Celia thought privately, "Dorothea quite despises Sir James Chettam;
I believe she would not accept him." Celia felt that this was a pity.
She had never been deceived as to the object of the baronet's interest.
Sometimes, indeed, she had reflected that Dodo would perhaps not
make a husband happy who had not her way of looking at things;
and stifled in the depths of her heart was the feeling that her sister
was too religious for family comfort. Notions and scruples were
like spilt needles, making one afraid of treading, or sitting down,
or even eating.

When Miss Brooke was at the tea-table, Sir James came to sit down
by her, not having felt her mode of answering him at all offensive.

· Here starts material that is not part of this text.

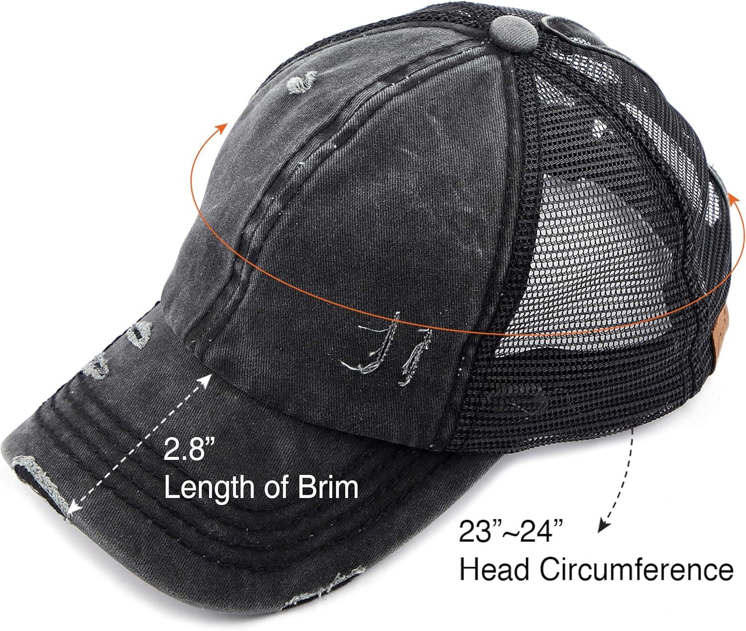imageCC Hatsandscarf Exclusives Washed Distressed Cotton Denim Ponytail Hat Adjustable Baseball Cap BT12 BT13All Black

Why should he? He thought it probable that Miss Brooke liked him,
and manners must be very marked indeed before they cease to be
interpreted by preconceptions either confident or distrustful.
She was thoroughly charming to him, but of course he theorized a
little about his attachment. He was made of excellent human dough,
and had the rare merit of knowing that his talents, even if let loose,
would not set the smallest stream in the county on fire: hence he
liked the prospect of a wife to whom he could say, "What shall we do?"
about this or that; who could help her husband out with reasons,
and would also have the property qualification for doing so.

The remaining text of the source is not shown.